Меня, разумеется, такое признание озадачило. Я спросил:
– Не верите в Бога, а служите ему? Как же...
– О, сын мой, это категории разного свойства – верить и служить. Я не верю в Бога – это правда. Но я служу Ему, потому как верю, что служба моя приносит пользу людям. – Голос отца Леонида окреп, и я понял, что сейчас начнется проповедь – в действительности то была исповедь. – Служу, сын мой, поскольку знаю, что Бога выдумали люди, чтобы держать себя и подобных себе в нравственной узде. Люди пожирали б друг друга живьем, для них ничего не было бы святого, и жизнь превратилась бы в сущий ад, в сплошную Варфоломееву ночь...
– Но выдуманный людьми Бог не предотвратил ни Варфоломеевой ночи, ни войн...

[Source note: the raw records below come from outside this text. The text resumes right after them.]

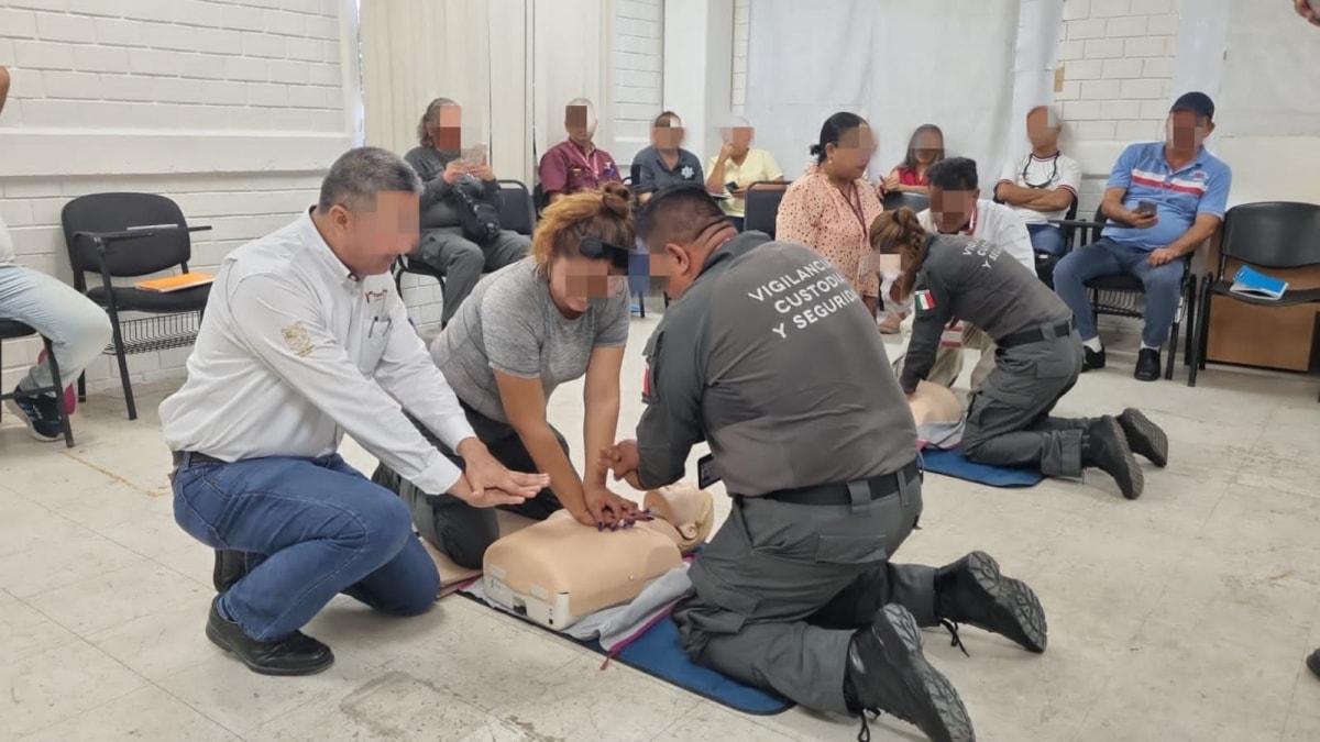 Ciudad Victoria, Tamaulipas. – Para garantizar una respuesta inmediata ante posibles situaciones de riesgo y emergencias al interior de los Centros de Ejecución de Sanciones (CEDES) de la entidad, el personal operativo que labora al interior de estos centros, recibe capacitación por parte de la Coordinación Estatal de Protección Civil (PC) Tamaulipas.
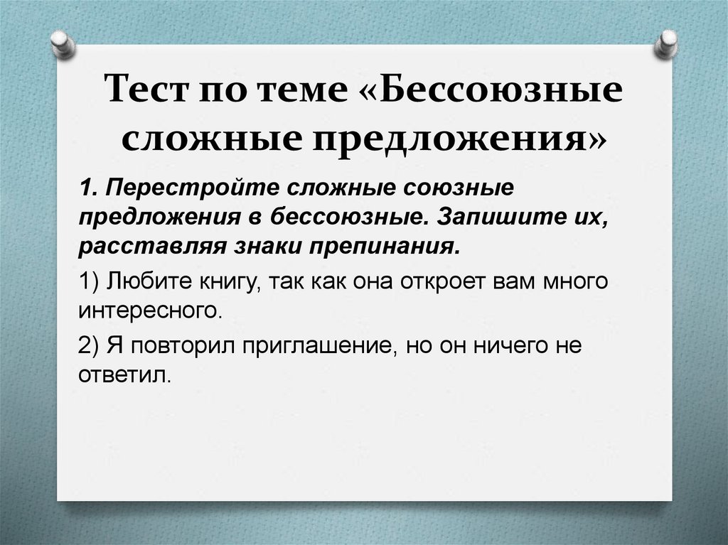 1. Перестройте сложные союзныепредложения в бессоюзные. Запишите их,
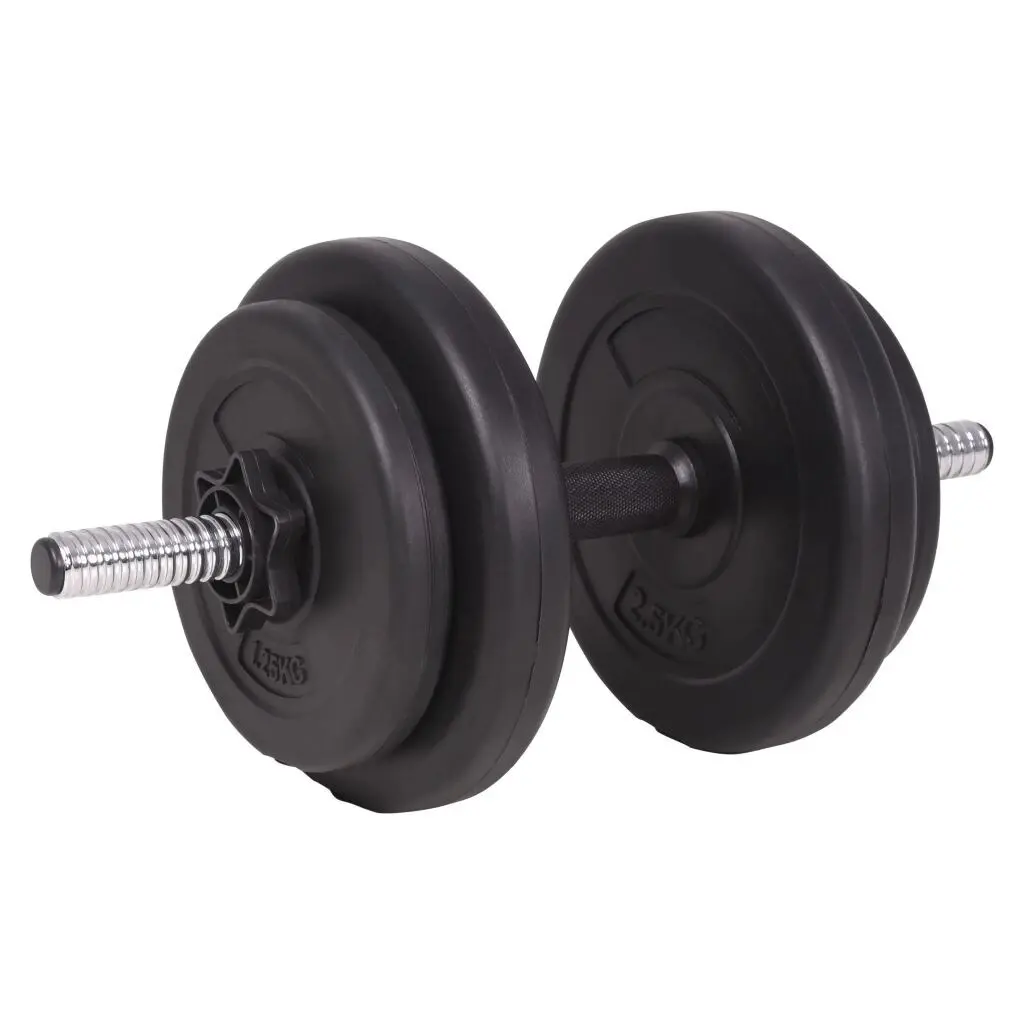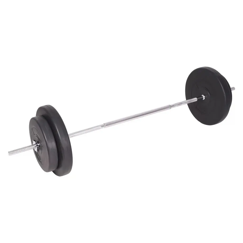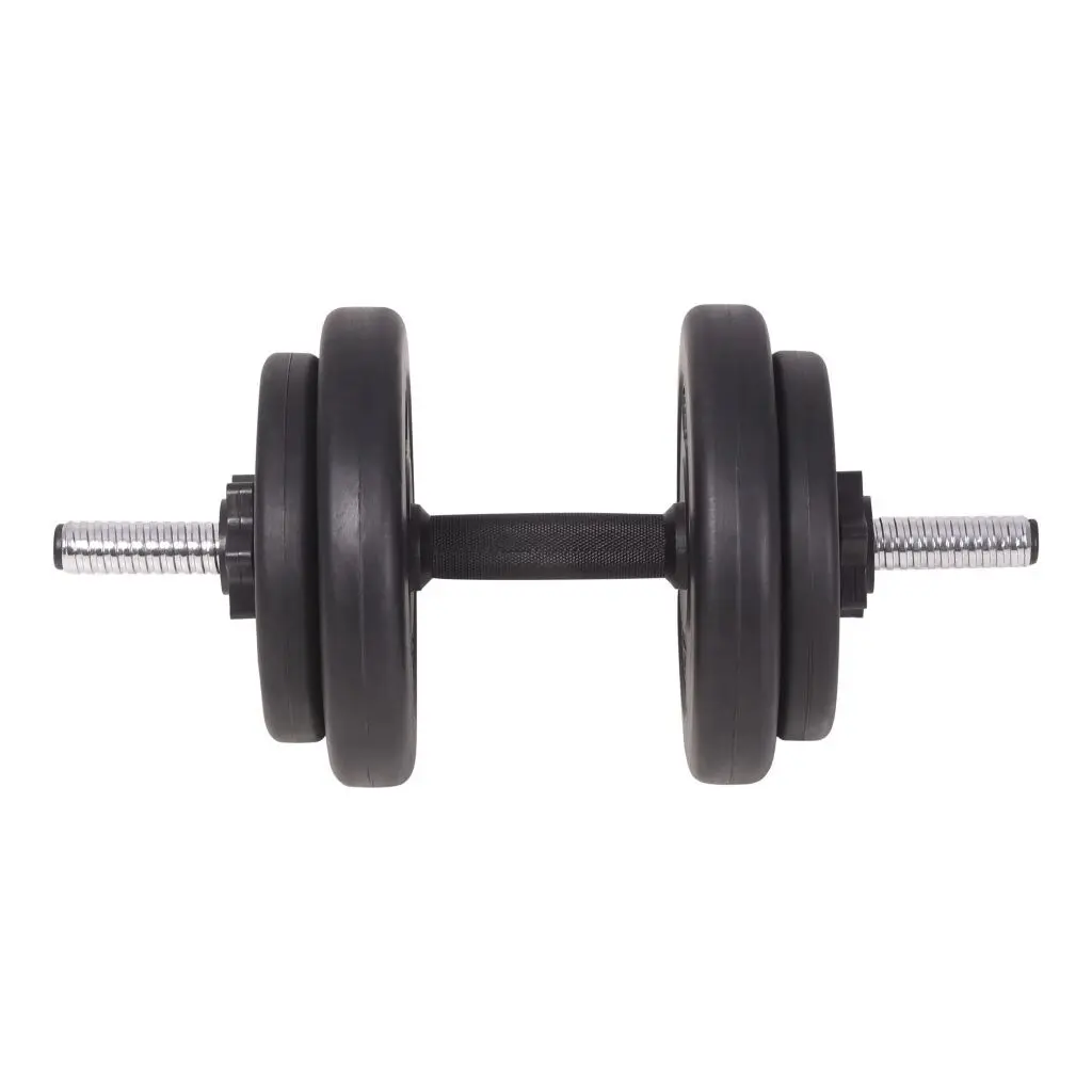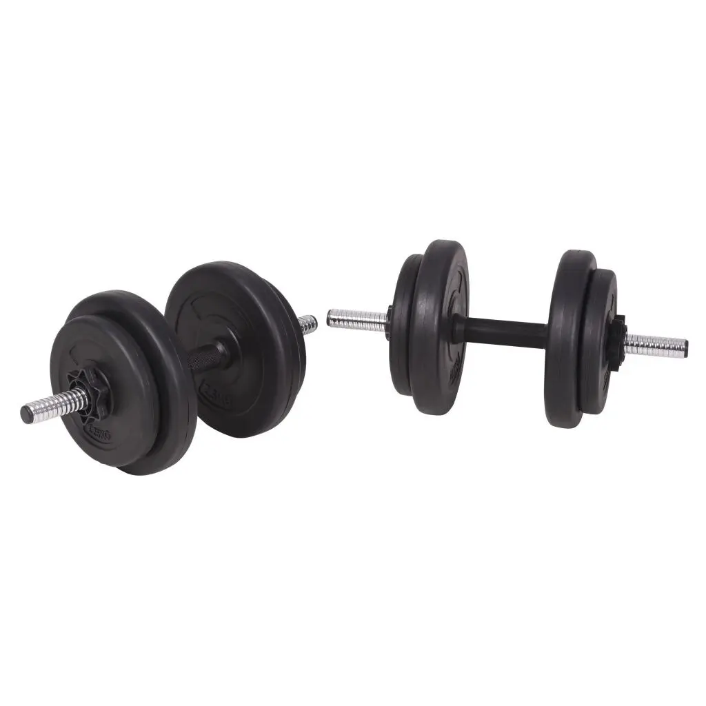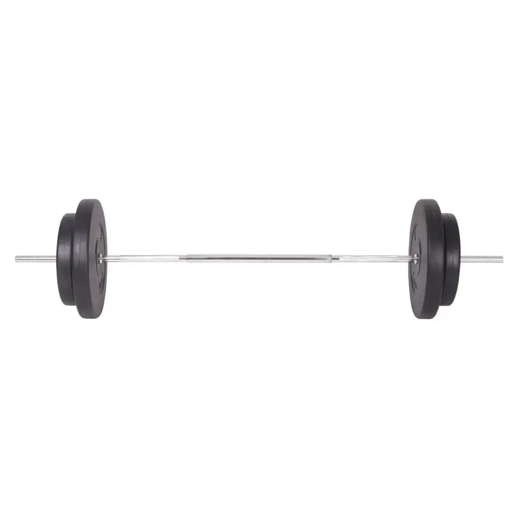 This versatile barbell and dumbbell set is perfect for chest, biceps, arms, triceps and back muscles. It includes two 33.1 lb plates, two 22 lb plates, two 11 lb plates, four 5.5 lb plates, six 2.8 lb plates, two barbell bar and two dumbbell bar and has a total weight of about 198.4 lb. This set allows the users to variably select the weights they want to lift for different exercises. These plates are made of cement with a plastic shell and they can easily be secured onto the bars with the included star locks. The weight is clearly stamped on each plate for quick and easy identification.

– Не Бога в том винить надобно, – зарокотал отец Леонид, недовольный, что его перебили, – а самих себя: плохо законы Божьи соблюдали. Человек должен непременно во что-то верить, и верить всею душой. Ведь и ты, сын мой, не безбожник. Только бог твой зовется по-иному – суть остается та же: держать человечество в нравственной узде. Преимущество вашей теории состоит в том, что она истинна, ибо опирается на материю, на земную плоть. Для нас же вы оставили крохотный островок в океане человеческой мысли, расплеснувшейся так широко и проникшей в такие глубины! Островок этот всегда находится на грани нынешних познаний. Ваша наука, в основе коей лежит материя, тем не менее утверждает, что мир бесконечен. А как, сын мой, сообразовать такое утверждение с той бесспорной истиной, что всякое материальное, а не духовное, тело имеет свои границы, свои начало и конец? И если мир материален – а именно так и утверждает ваша наука, – то может ли он быть бесконечен? Говорить о вечности и бесконечности – значит, сын мой, говорить нашими устами, устами священнослужителей. Вот он, наш островок!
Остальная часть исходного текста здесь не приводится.